Stock-exchange-listed central public sector enterprises (CPSEs) could face difficulties in complying with the Securities and Exchange Board of India’s (Sebi) new norms on corporate governance as some of these guidelines are in conflict with the provisions of the Companies Act of 2013.

Sebi’s new rules, which would be effective October 1, envisage that CPSEs get shareholders’ approval for related-party transactions, establish a whistle-blower mechanism, make elaborate disclosures on pay packages and appoint at least one woman director on their boards. There are around 45 listed CPSEs in India.

Sebi is in the process of revising its corporate governance norms to bring them in line with the provisions of the new Companies Act, 2013 so that India Inc in general and the CPSEs in particular adopt best practices in corporate governance.
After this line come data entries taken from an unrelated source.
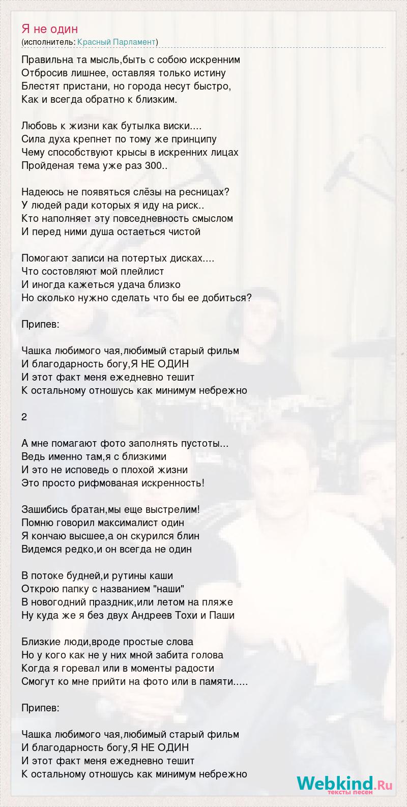 Правильна та мысль,быть с собою искренним Отбросив лишнее, оставляя только истину Блестят пристани, но города несут быстро, Как и всегда обратно к близким. Любовь к жизни как бутылка виски.... Сила духа крепнет по тому же принципу Чему способствуют крысы в искренних лицах Пройденая тема уже раз 300.. Надеюсь не появяться слёзы на ресницах? У людей ради которых я иду на риск.. Кто наполняет эту повседневность смыслом И перед ними душа остаеться чистой Помогают записи на потертых дисках.... Что состовляют мой плейлист И иногда кажеться удача близко Но сколько нужно сделать что бы ее добиться? Припев: Чашка любимого чая,любимый старый фильм И благодарность богу,Я НЕ ОДИН И этот факт меня ежедневно тешит К остальному отношусь как минимум небрежно 2 А мне помагают фото заполнять пустоты... Ведь именно там,я с близкими И это не исповедь о плохой жизни Это просто рифмованая искренность! Зашибись братан,мы еще выстрелим! Помню говорил максималист один Я кончаю высшее,а он скурился блин Видемся редко,и он всегда не один В потоке будней,и рутины каши Открою папку с названием "наши" В новогодний праздник,или летом на пляже Ну куда же я без двух Андреев Тохи и Паши Близкие люди,вроде простые слова Но у кого как не у них мной забита голова Когда я горевал или в моменты радости Смогут ко мне прийти на фото или в памяти..... Припев: Чашка любимого чая,любимый старый фильм И благодарность богу,Я НЕ ОДИН И этот факт меня ежедневно тешит К остальному отношусь как минимум небрежно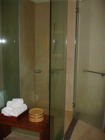 果然是景緻湯屋,真的很大間,有一整面很大的玻璃窗,可以看到對面山上的風景,不過我也有看到在爬山的人,我相信如果他們有帶望遠鏡搞不好也看得見我。水池也相當大,我可以在裡面撐著池邊打水。最棒的是有電視呢!剛好有播燕尾服,我不是很喜歡成龍杯杯,所以這部片一直沒看過,剛好趁現在看一下,才剛開始播,我們的泡湯時間有90分鐘,剛好可以看完一整部片。淋浴間跟洗手台等擺設,感覺就像飯店的浴室,只是浴缸超大。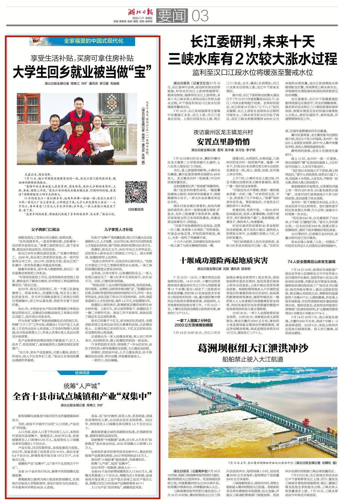 张晨阳,张长江之子,2022年长江大学毕业后,回到家乡入职专业对口的湖北三宁化工。读大学期间,张晨阳参军入伍两年。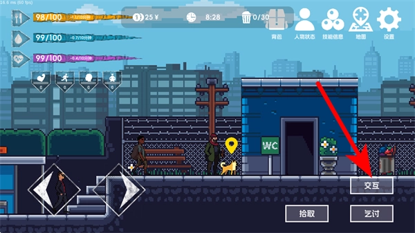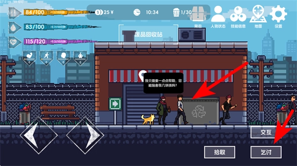 4、在遇到NPC或可乞讨的场景时,点击乞讨按钮获取金钱或物资,补充生存资源,助力在城市中持续生存,提升流浪者的生存状态。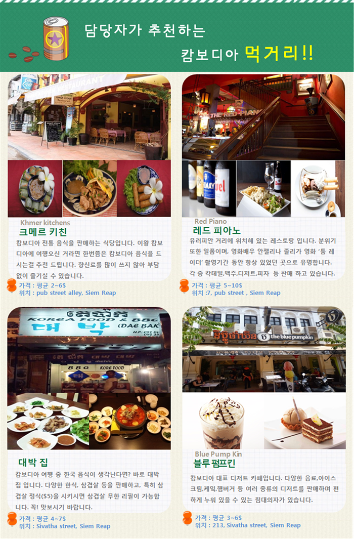 1.캄보디아 비자비용 $30+사진 1장 준비해주세요. (여권용사진 혹은 증명사진) 2.개인경비, 매너팁 3.왕복 픽업 서비스 |

But experts point to the gaps between what is laid out in the new Companies Act of 2013 and the revised norms on corporate governance brought out by the market regulator.

For instance, the corporate governance rules require companies to get the approval of shareholders, including minority shareholders, for “material” related-party transactions. Material here means greater than 5% of turnover or 20% of net worth. However, this is in conflict with the Companies Act, which exempts companies from the condition if the audit committee finds that the transaction to be at “arm’s length” or not in the “ordinary course of business”.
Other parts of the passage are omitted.